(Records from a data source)
[Start of Attachment]
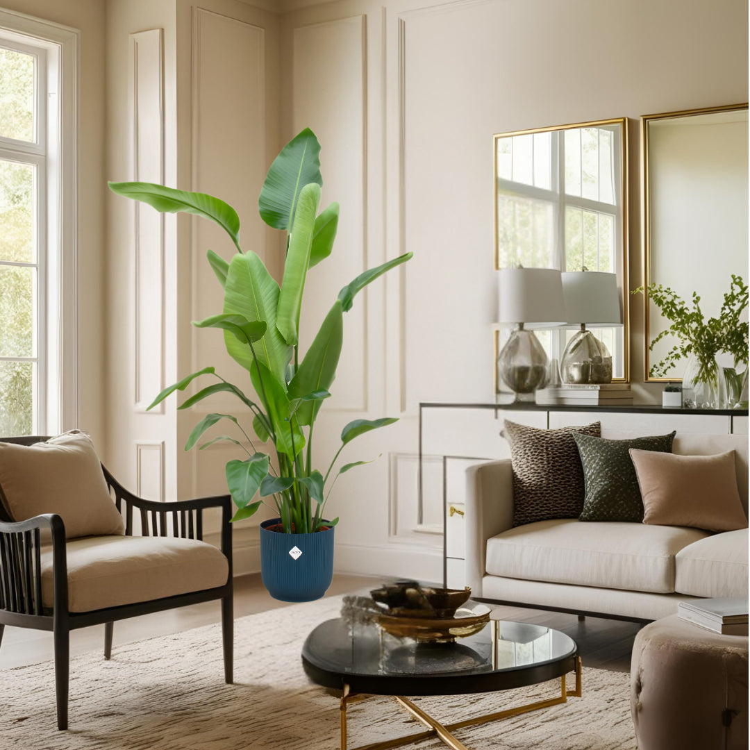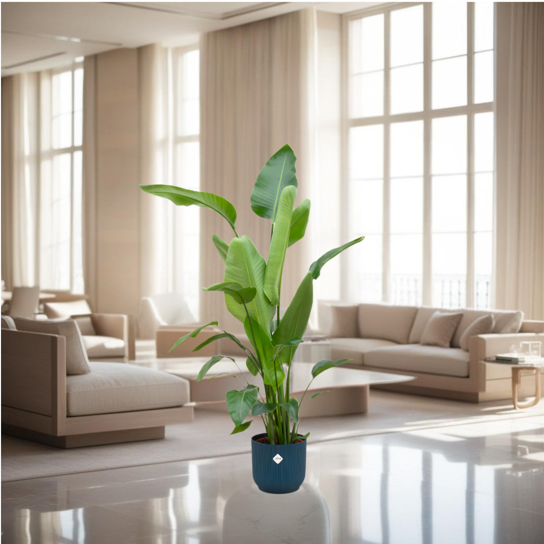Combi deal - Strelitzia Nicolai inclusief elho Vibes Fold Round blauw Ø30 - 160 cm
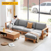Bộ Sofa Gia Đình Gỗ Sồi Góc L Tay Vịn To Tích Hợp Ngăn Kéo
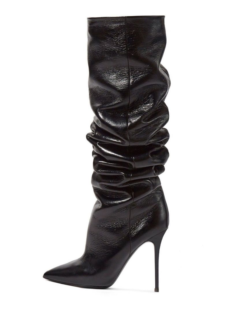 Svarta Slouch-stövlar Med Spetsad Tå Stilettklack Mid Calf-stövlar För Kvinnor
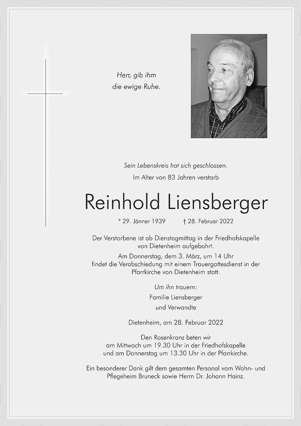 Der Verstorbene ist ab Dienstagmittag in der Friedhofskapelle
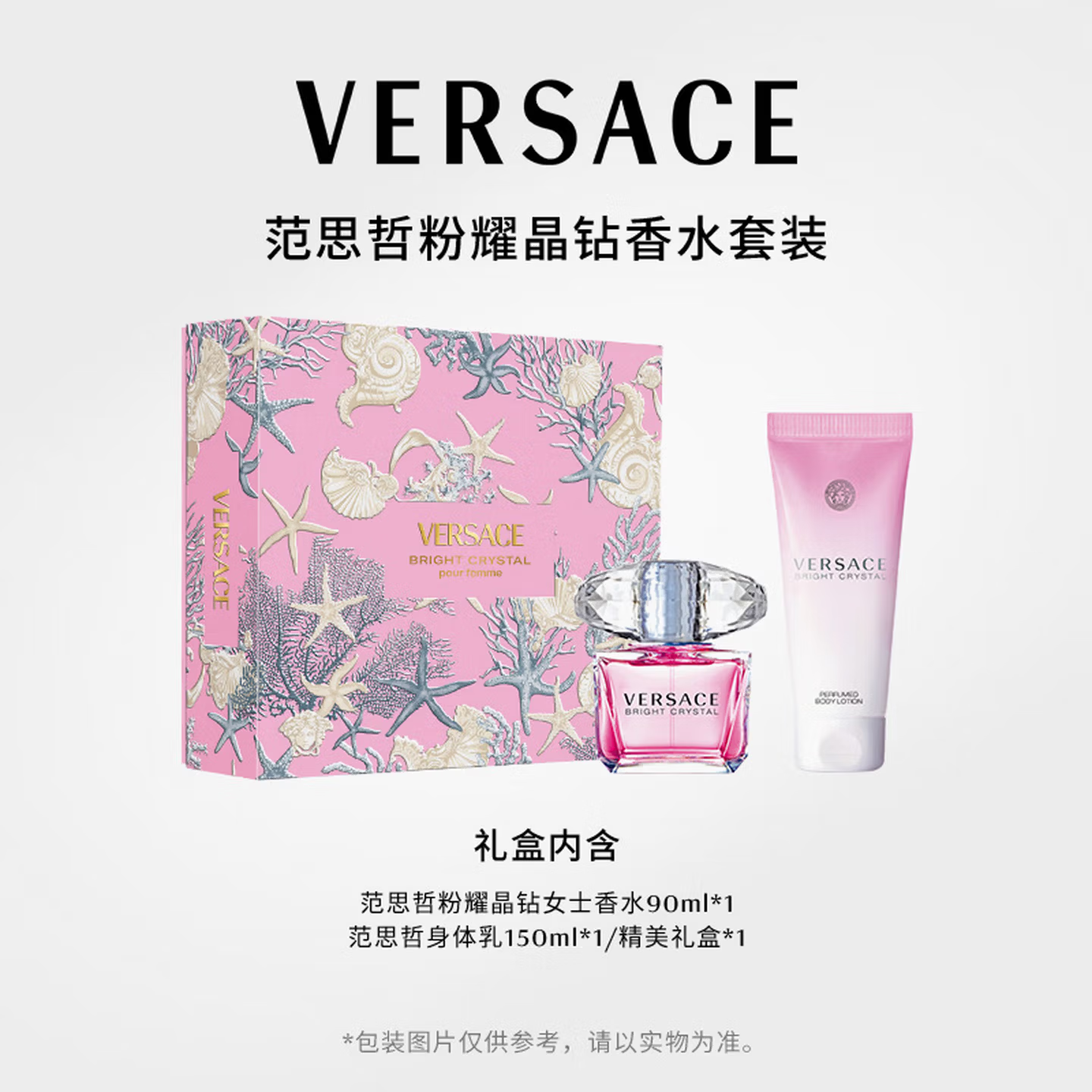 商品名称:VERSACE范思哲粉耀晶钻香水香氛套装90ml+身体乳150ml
[End of Attachment]
What you return must match the records above exactly, minus any images.

#### SOLVED EXERCISE:
Combi deal - Strelitzia Nicolai inclusief elho Vibes Fold Round blauw Ø30 - 160 cm
Bộ Sofa Gia Đình Gỗ Sồi Góc L Tay Vịn To Tích Hợp Ngăn Kéo
 Svarta Slouch-stövlar Med Spetsad Tå Stilettklack Mid Calf-stövlar För Kvinnor
 Der Verstorbene ist ab Dienstagmittag in der Friedhofskapelle
 商品名称:VERSACE范思哲粉耀晶钻香水香氛套装90ml+身体乳150ml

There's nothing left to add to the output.